What are the considerations of policy here? I will take them in order.

First, Mrs. Dutton has suffered a grievous loss. The house fell down without any fault of hers. She is in no position herself to bear the loss. Who ought in justice to bear it? I should think those who were responsible. Who are they? In the first place, the builder was responsible. It was he who laid the foundations so badly that the house fell down. In the second place, the council's inspector was responsible. It was his job to examine the foundations to see if they would take the load of the house. He failed to do it properly. In the third place, the council should answer for his failure. They were entrusted by Parliament with the task of seeing that houses were properly built. They received public funds for the purpose. The very object was to protect purchasers and occupiers of houses. Yet they failed to protect them. Their shoulders are broad enough to bear the loss.

Next I ask: is there any reason in point of law why the council should not be held liable? Hitherto many lawyers have thought that a builder (who was also the owner) was not liable. If that were truly the law, I would not have thought it fair to make the council liable when the builder was not liable. But I hold that the builder who builds a house badly is liable, even though he is himself the owner. On this footing, there is nothing unfair in holding the council's surveyor also liable.

Then I ask: If liability were imposed on the council, would it have an adverse effect on the work? Would it mean that the council would not inspect at all, rather than risk liability for inspecting badly?
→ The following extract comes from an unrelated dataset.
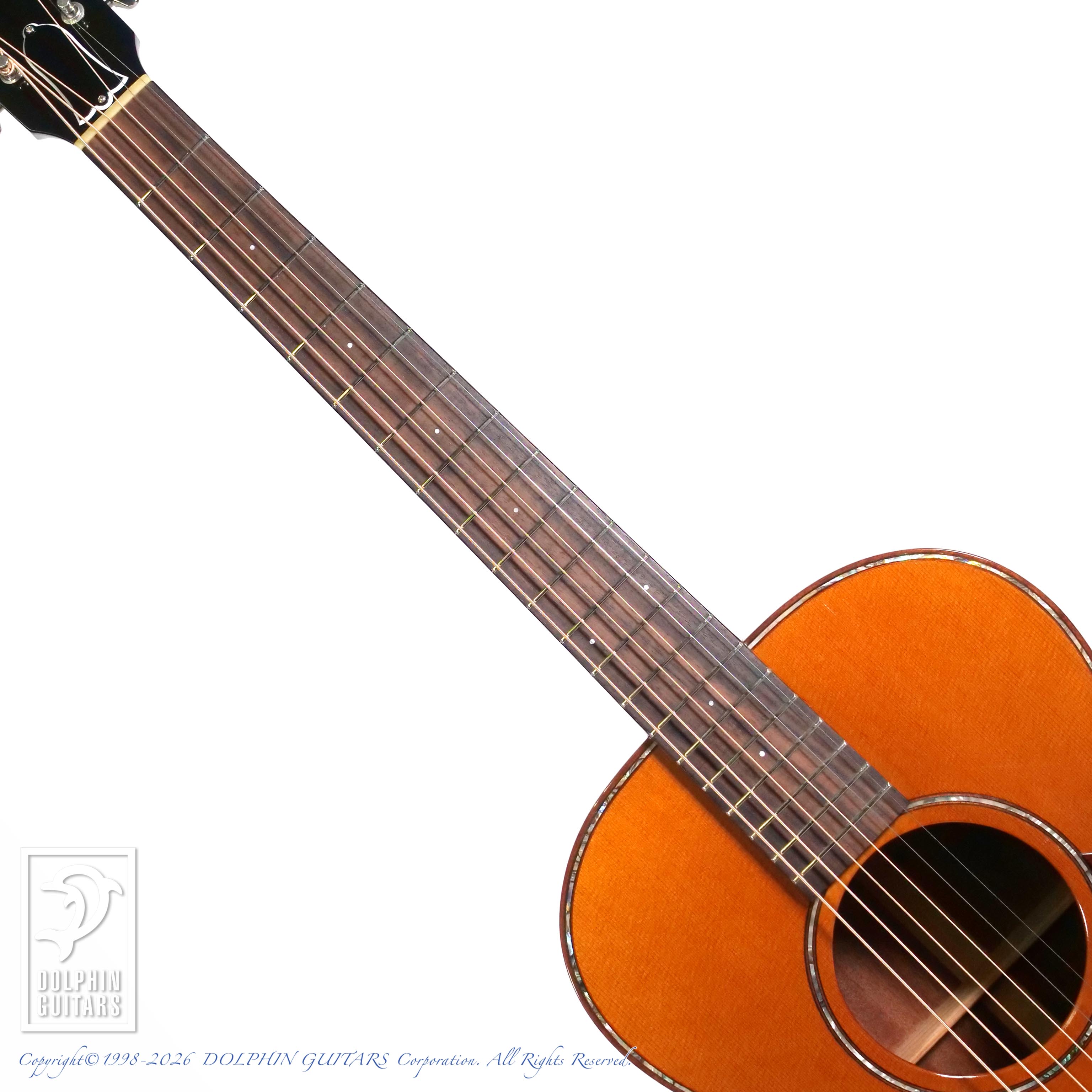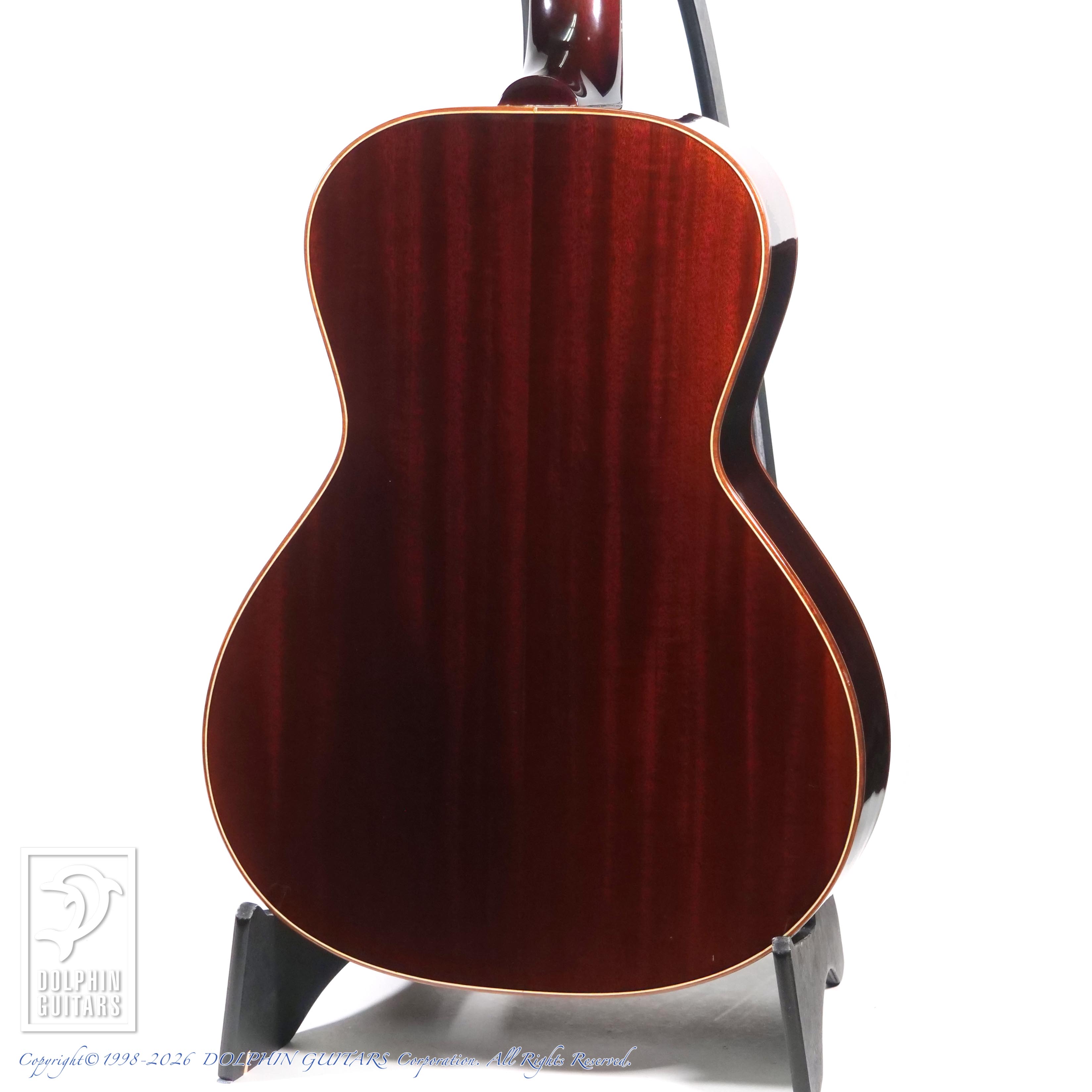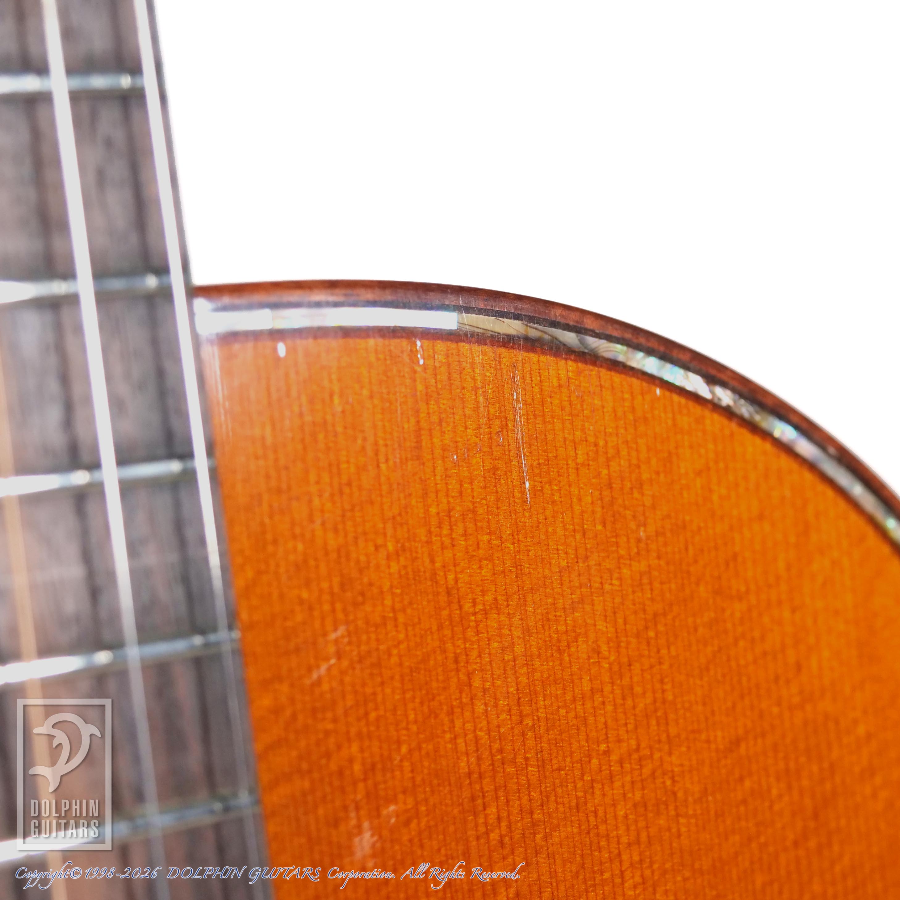 ギブソンスタイルの作品が多く、本器はL-00タイプのシェイプをアバロンで綺麗に飾ったユニークなモデル。アンバーフィニッシュにコントラストが効いた白木のパーフリングも小洒落ております。

Would it mean that inspectors would be harassed in their work or be subject to baseless charges? Would it mean that they would be extra cautious, and hold up work unnecessarily? Such considerations have influenced cases in the past, as in Rondel v. Worsley [1969] 1 A.C. 191 . But here I see no danger. If liability is imposed on the council, it would tend, I think, to make them do their work better, rather than worse.

Next, I ask: Is there any economic reason why liability should not be imposed on the council? In some cases the law has drawn the line to prevent recovery of damages. It sets a limit to damages for economic loss, or for shock, or theft by escaping convicts. The reason is that if no limit were set there would be no end to the money payable. But I see no such reason here for limiting damages. In nearly every case the builder will be primarily liable. He will be insured and his insurance company will pay the damages. It will be very rarely that the council will be sued or found liable. If it is, much the greater responsibility will fall on the builder and little on the council.
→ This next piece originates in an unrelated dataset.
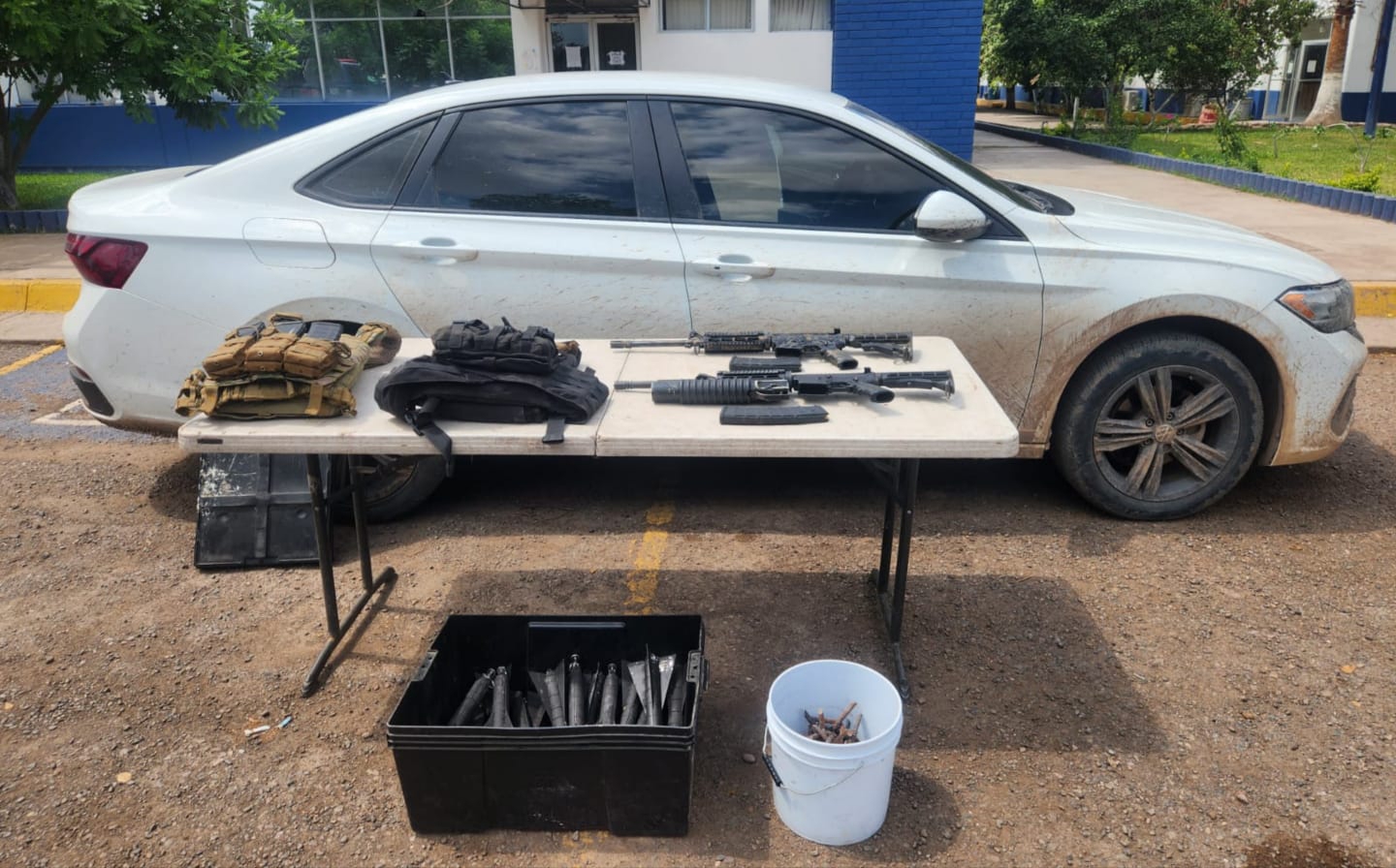 Hallan un Jetta con explosivos, armas, ‘ponchallantas’ y equipo táctico en Río Viejo, Navolato

Finally I ask myself: If we permit this new action, are we opening the door too much? Will it lead to a flood of cases which neither the council nor the courts will be able to handle? Such considerations have sometimes in the past led the courts to reject novel claims. But I see no need to reject this claim on this ground. The injured person will always have his claim against the builder. He will rarely allege - and still less be able to prove - a case against the council.
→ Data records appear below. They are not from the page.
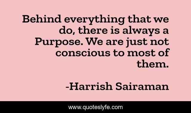 This page presents the quote "Behind everything that we do, there is always a Purpose. We are just not conscious to most of them.". Author of this quote is Harrish Sairaman. This quote is about life, conscious, purpose, motivation, inspiration,.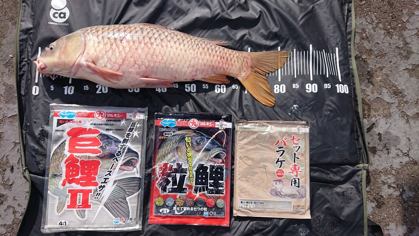 配合エサ:蒔き餌・吸込み餌 「巨鯉Ⅱ」(1)「粒鯉」(1)「セット専用バラケ」(0.5)「鯉にはこれだ」(適宜)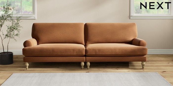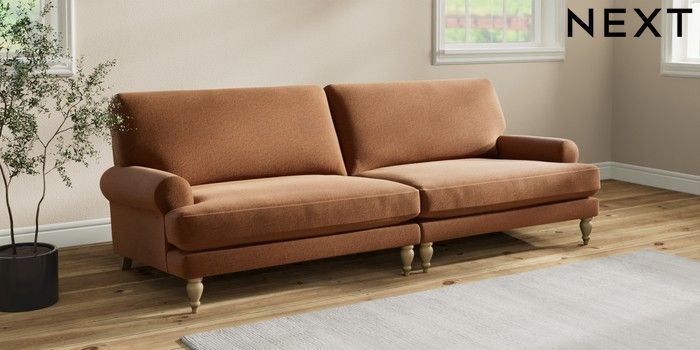 7.2.10 Erin Deep Relaxed Sit 4 Seater Large Sofa Ripple Chenille Mid Rust Brown High Classic Turned - Light | Made Click here to use our website with more accessibility support, for example screen readers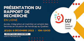 Le 8 décembre prochain, les membres de l'équipe de recherche viendront présenter le cadre de l'étude, les objectifs, la méthodologie empruntée et les principaux résultats obtenus. Cette présentation sera suivie d'une allocution du CCF sur les enjeux vécus spécifiquement par les femmes en situation de handicap et présentera ses recommandations en la matière.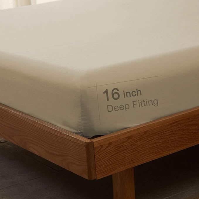 SONORO KATE Bed Sheet Set Super Soft Microfiber 1800 Thread Count Luxury Egyptian Sheets 16-Inch Deep Pocket๏ผWrinkle -4 Piece (Beige, Full)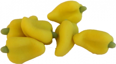 Pimientos amarillos de modelina. Bolsa de 6 unidades. Medida 1 cm. Realizado por Cristina Cantos.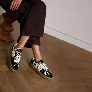 Manfield leren sneakers met ponyhair en koeienprint zwart/wit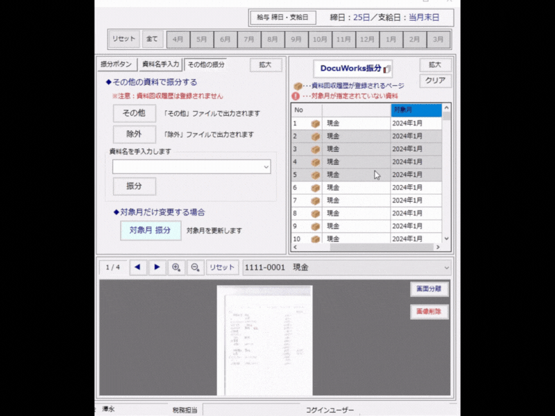 振り分けが終わると、処理した月度の資料の回収状況が更新される仕組みとなっています。

All these considerations lead me to the conclusion that the policy of the law should be, and is, that the council should be liable for the negligence of their surveyor in passing work as good when in truth it is bad.

I would therefore dismiss this appeal. In parting from the case I would like to pay my tribute to the help we have received from counsel on both sides and the very good research they have done in the course of the case.